En este caso, Marcial denuncia el adulterio, pero, sobre todo, la transgresión de un convencionalismo: no se trata de que Marulla haya tenido amores con sus esclavos, sino de que se haya quedado embarazada y en los rostros infantiles de sus hijos se reconozca a los del cocinero, el panadero, el bufón… es decir, a sus propios servidores.

ESCARCEOS FURTIVOS

Las matronas, pues, podían proyectar la satisfacción de sus deseos sexuales sobre el personal servil. Pero tales prácticas debían realizarse de modo furtivo, puesto que resultaban infamantes para ellas y sus maridos.
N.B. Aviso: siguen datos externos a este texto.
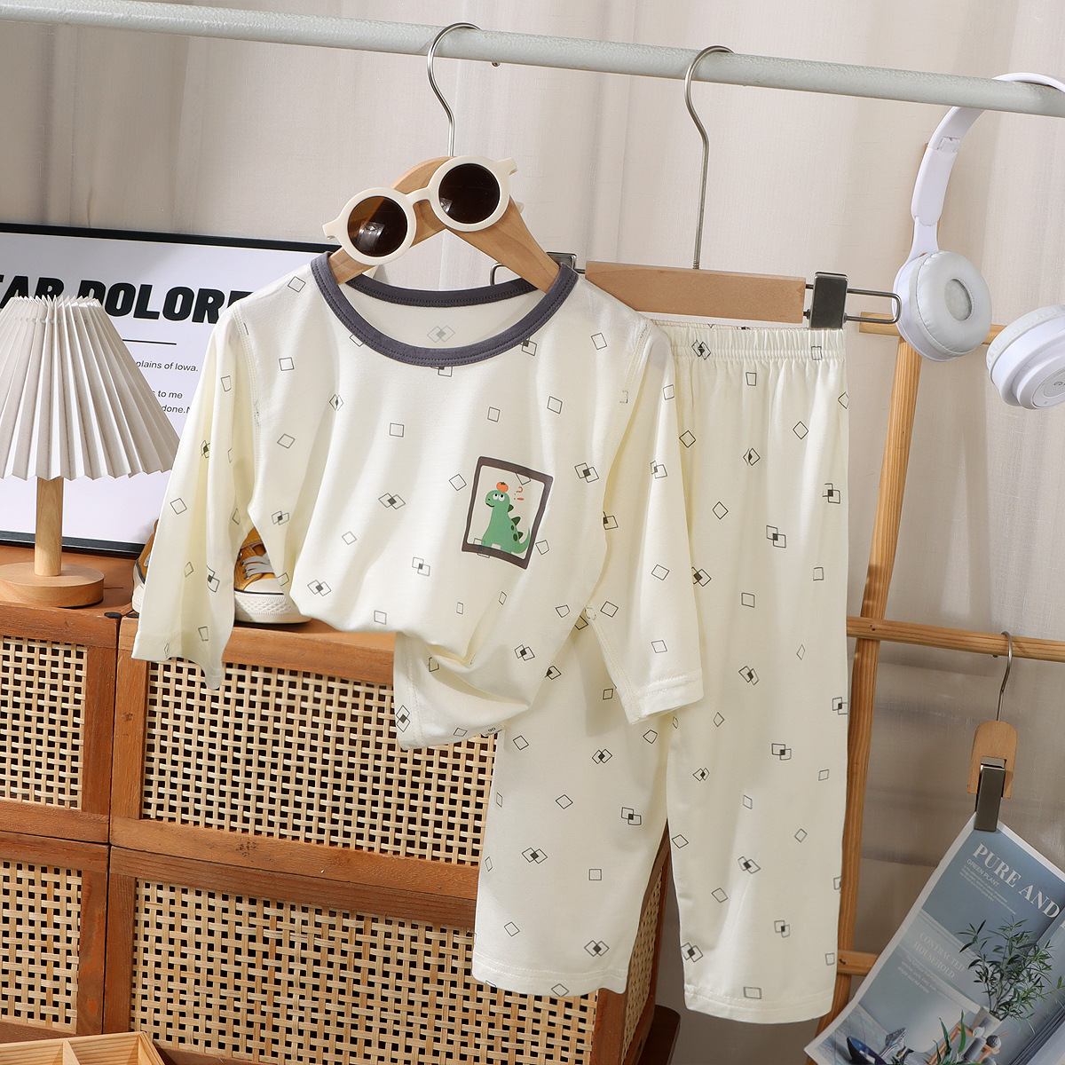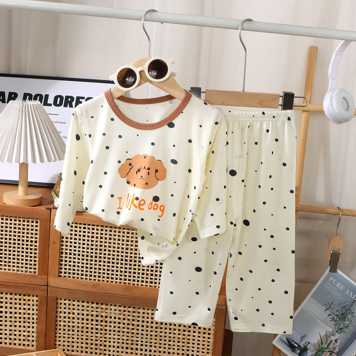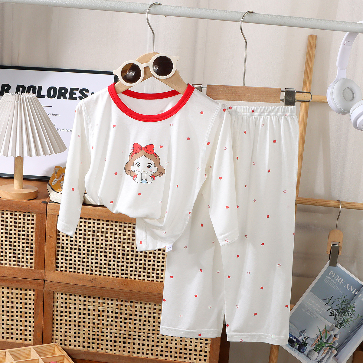 여름 어린이 7부 소매 가정복 소년 소녀용, 에코 실크 얇은 잠옷, 여아 모달 에어컨 슈트스토어 가기
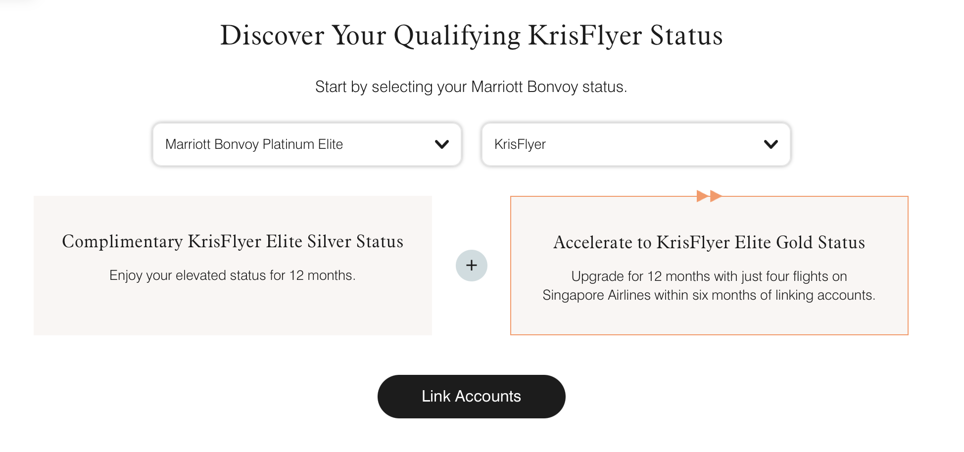 Readers with Marriott Gold or higher elite status can match up to Silver status on Singapore Airlines, and then earn Gold status with just four Singapore flights within six months. If you are planning some trips to Asia, this is especially compelling.
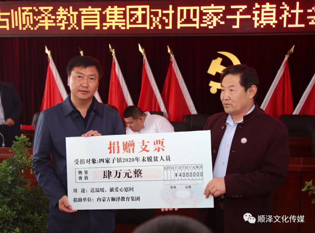 2020年4月18日内蒙古顺泽教育集团对四家子镇进行“兜底式”扶贫。
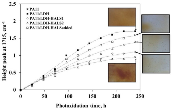 Figure 9 shows the increace in peak height of 1715 cm−1 as a function of photo-oxidation time of neat PA11 and all investigated PA11-based nanocomposites, while all acquired FTIR spectra are reported as Supplementary Information, see Figures S1–S5. The presence of LDH in PA11 causes a significant increase to the peak high of 1715 cm−1 in comparison to neat PA11 at same exposure time. Interestingly, this peak is less pronounced for samples containing LDH/HALSadded, and even more for samples containing both LDH-HALS1 and LDH-HALS2. As expected, the presence of free added HALS molecules, especially anchored HALS1 and HALS2, cause the appearance of a less pronounced peak of 1715 cm−1; thereby, suggesting an improved photo-oxidative resistance in these nanocomposite films. Further confirmation comes from the visual inspections of all investigated samples at maximum exposure time, see images reported in Figure 9. Neat PA11 and PA11/LDH show significant yellowing (yellow to brown colour), while the samples containing stabilizing molecules appear to show only small yellow spots.

Por el contrario, siempre estuvo admitido que el patrono utilizara a su servidumbre libremente en el plano sexual. Durante siglos se suceden los ejemplos de amantes esclavas que gozaron de la mejor consideración por parte de sus patronos y que con frecuencia merecieron la libertad como prueba de reconocimiento, de gratitud o de amor. Desde ese momento el concubinato adquiría otra consideración: se tornaba honorable en la medida en que se trataba de la relación con una mujer libre. Una unión de hecho ciertamente, pero cuyos descendientes poseerían la condición libre, en tanto que un hijo de patrono y esclava hubiera sido esclavo.

EL ROL DE LAS CONCUBINAS

¿Y qué se esperaría de la esposa hacia un marido que mantenía relaciones con una esclava? Los amores con esclavas parecen haber sido aceptables y frecuentes, y llegaron a convertirse en una estrategia para evadir el matrimonio entre los nobles romanos de finales de la República y comienzos del Imperio. Así, del emperador Augusto (27 a.C.-14 d.C.), que intentó remediar el agotamiento de linajes sin descendencia legítima restringiendo esas libertades, se sabe que su propia esposa, Livia, le procuraba esclavas para satisfacer su apetito sexual.

En cierto modo, pues, el concubinato constituyó finalmente la forma oficiosa y socialmente aceptada de canalizar no tanto veleidades libertinas como relaciones fundadas sobre afectos y que no podían sancionarse con el vínculo matrimonial. El amor unía así lo que las fronteras del derecho separaban inexorablemente.